* **ACTION ITEM**: Output the data word for word, dropping every image.

* **EXERCISE DATA**:
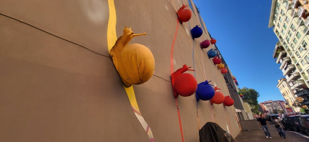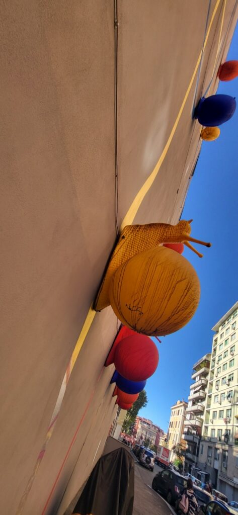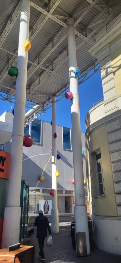 I walked back to the city centre via Decathlon to buy a bicycle bag – failed on this and bought a waterproof bicycle cover instead and accidentally bought me a new jacket – well I needed something warm for coming back to Scotland – and then found a DIY shop to buy a roll of bubble wrap and a roll of gaffa tape – yip this is kind of typical cycle touring shopping if you are coming back by plane. I saw art of completely different nature on the shopping centre where Decathlon was – never figured out why snails was the theme but I loved it.
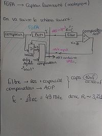 La FPGA nous permettra de contrôler l'intensité de la led à l'aide de la photorésistance. Pour cela, nous allons implémenté sur la FPGA dans un premier temps, le capteur et PWM qui sortira 1 ou 0, qui sera lié à un filtre passe bas, suivi d'un AOP qui renverra la valeur de la photorésistance, que l'on récupérera sur la FPGA et cela réglera donc l'intensité des néopixels.
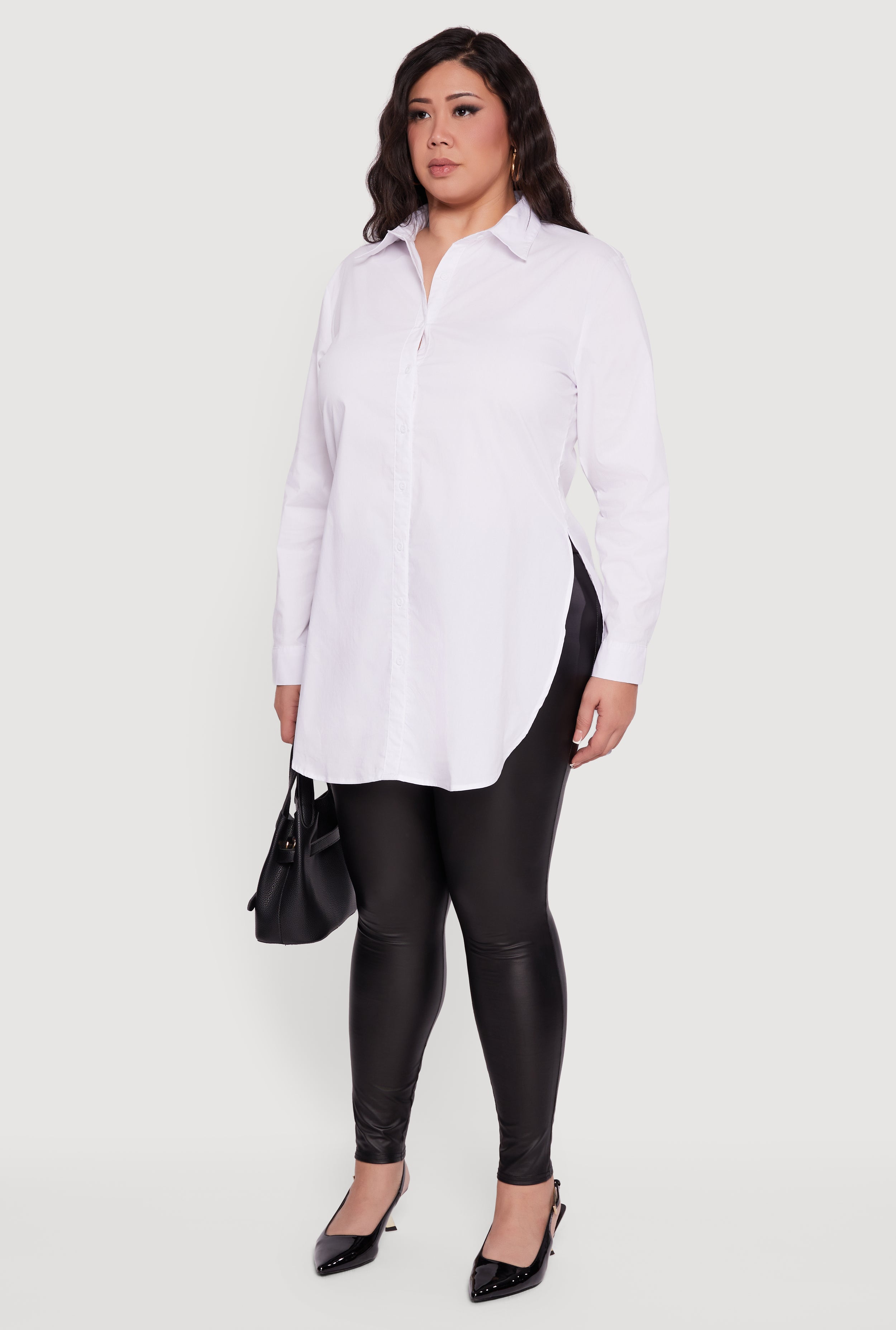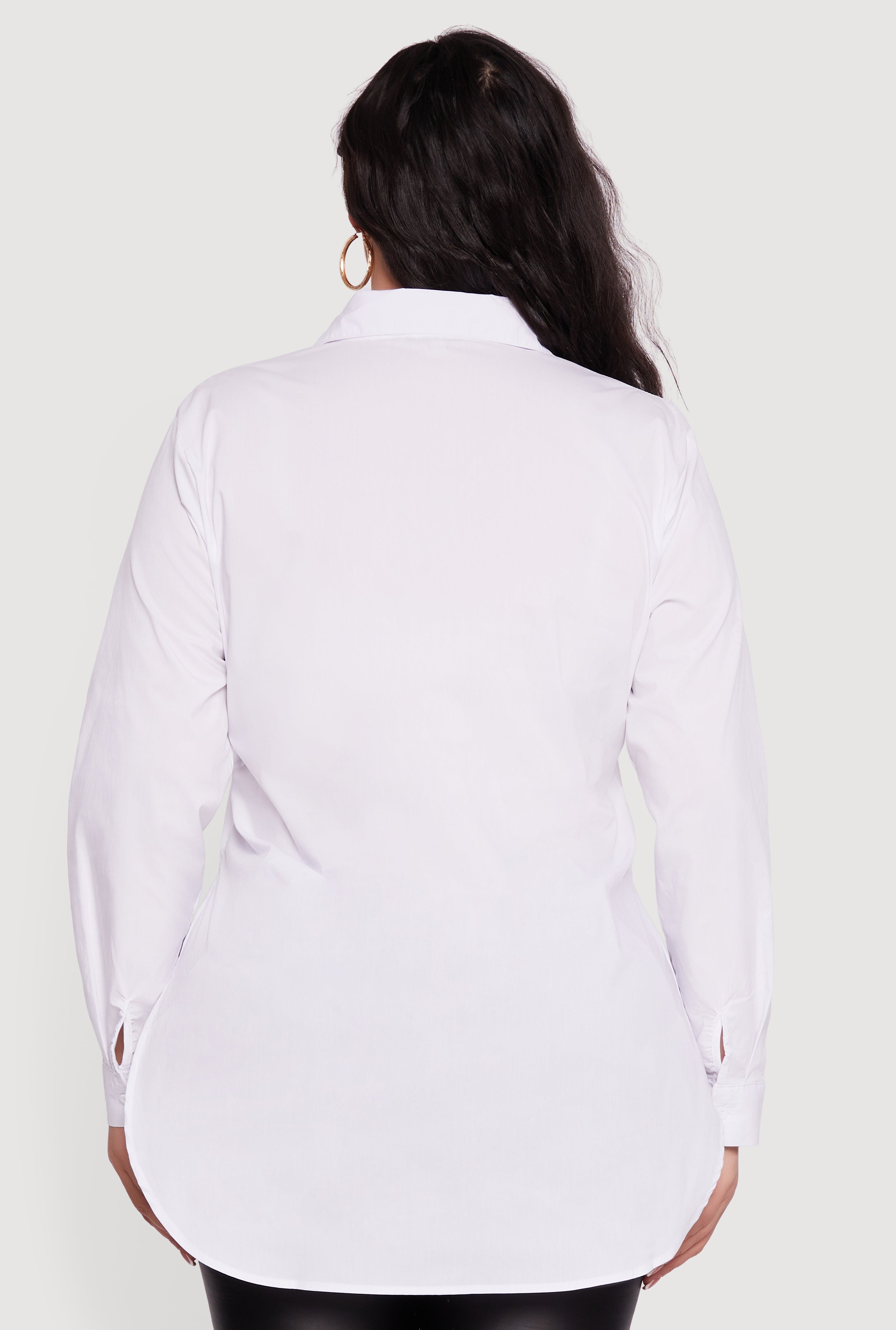 Step up your style game with this Plus Size Long Sleeve Button Front Tunic Blouse designed to flatter every curve. Featuring a classic fit and timeless collar, this blouse effortlessly blends casual comfort with office-ready polish. The button front adds a chic touch while side slits give you freedom to move and layer with ease. Perfect for casual days or a night out, this solid-colored tunic is your new go-to for versatile, confident looks.

* **WRITTEN SOLUTION**:
 I walked back to the city centre via Decathlon to buy a bicycle bag – failed on this and bought a waterproof bicycle cover instead and accidentally bought me a new jacket – well I needed something warm for coming back to Scotland – and then found a DIY shop to buy a roll of bubble wrap and a roll of gaffa tape – yip this is kind of typical cycle touring shopping if you are coming back by plane. I saw art of completely different nature on the shopping centre where Decathlon was – never figured out why snails was the theme but I loved it.
 La FPGA nous permettra de contrôler l'intensité de la led à l'aide de la photorésistance. Pour cela, nous allons implémenté sur la FPGA dans un premier temps, le capteur et PWM qui sortira 1 ou 0, qui sera lié à un filtre passe bas, suivi d'un AOP qui renverra la valeur de la photorésistance, que l'on récupérera sur la FPGA et cela réglera donc l'intensité des néopixels.
 Step up your style game with this Plus Size Long Sleeve Button Front Tunic Blouse designed to flatter every curve. Featuring a classic fit and timeless collar, this blouse effortlessly blends casual comfort with office-ready polish. The button front adds a chic touch while side slits give you freedom to move and layer with ease. Perfect for casual days or a night out, this solid-colored tunic is your new go-to for versatile, confident looks.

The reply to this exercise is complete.